E se per conoscere la casa del futuro bastasse guardare al passato? Quella che ieri era la casa del futuro solo nella fantasia oggi è diventata realtà?

Cosa ne è stato delle idee sviluppate dalle avanguardie del XX secolo? Sono diventate realtà e quella che ai tempi era la casa del futuro oggi è davvero diventata la casa del presente? 

La mostra Home Futures al design Museum di Londra fino al 24 marzo apre una lista infinita di domande tra cui queste.

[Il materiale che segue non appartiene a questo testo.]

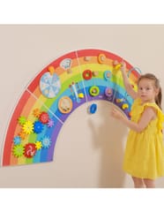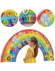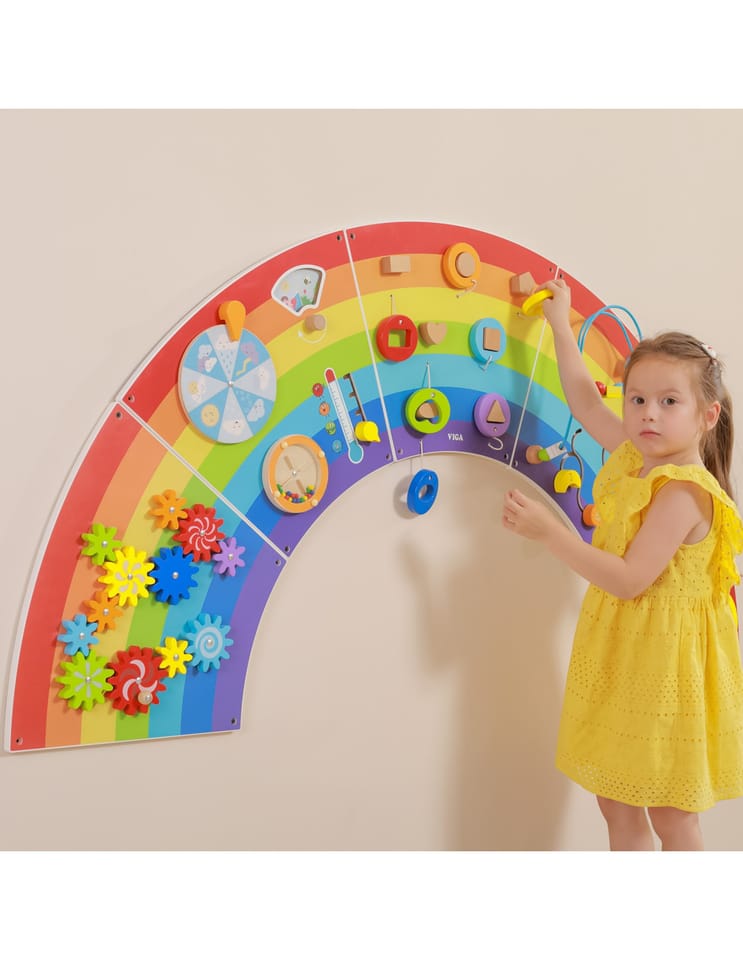 Tablica Sensoryczna Tęcza marki Viga Toys to drewniana, wielofunkcyjna zabawka ścienna składająca się z 5 modułowych części, co ułatwia transport i pozwala na dowolną kolejność montażu. Oferuje liczne aktywności, w tym tablicę pogody, koła zębate, ksylofon, lustra i przeplatankę. Zakrzywiona konstrukcja umożliwia jednoczesną zabawę dzieciom o różnym wzroście. Tablica stymuluje zmysły, wspiera rozwój motoryki małej, logicznego myślenia i cierpliwości, ucząc o kolorach, kształtach, dźwiękach i pogodzie. Idealna do placówek edukacyjnych.

Il risultato è una mostra che affianca:
la Total Furnishing Unit di Joe Colombo (1972) con l’appartamento Hong Kong Transformer di Gary Chang (2009);
i collage di Superstudio, le illustrazioni di Archigram e un prototipo a grandezza naturale di Home Environment di Ettore Sottsass con il film di Beka & Lemoine “Selling Dreams” (2016);
il radical design italiano di De Lucchi (1978) e Gaetano Pesce (1969) con il design dei fratelli Bouroullec (2018);
la telematic House di Ugo La Pietra (1982) con il film Uninvited Guests di Superflux (2015);
il modello in scala della mitica Villa Arpel, protagonista del film Mon Oncle di Jacques Tatì (1958), con la domotica contemporanea.
l’autoprogettazione di Enzo Mari (1974) con l’attuale Open Source.

E se per conoscere la casa del futuro bastasse guardare al passato?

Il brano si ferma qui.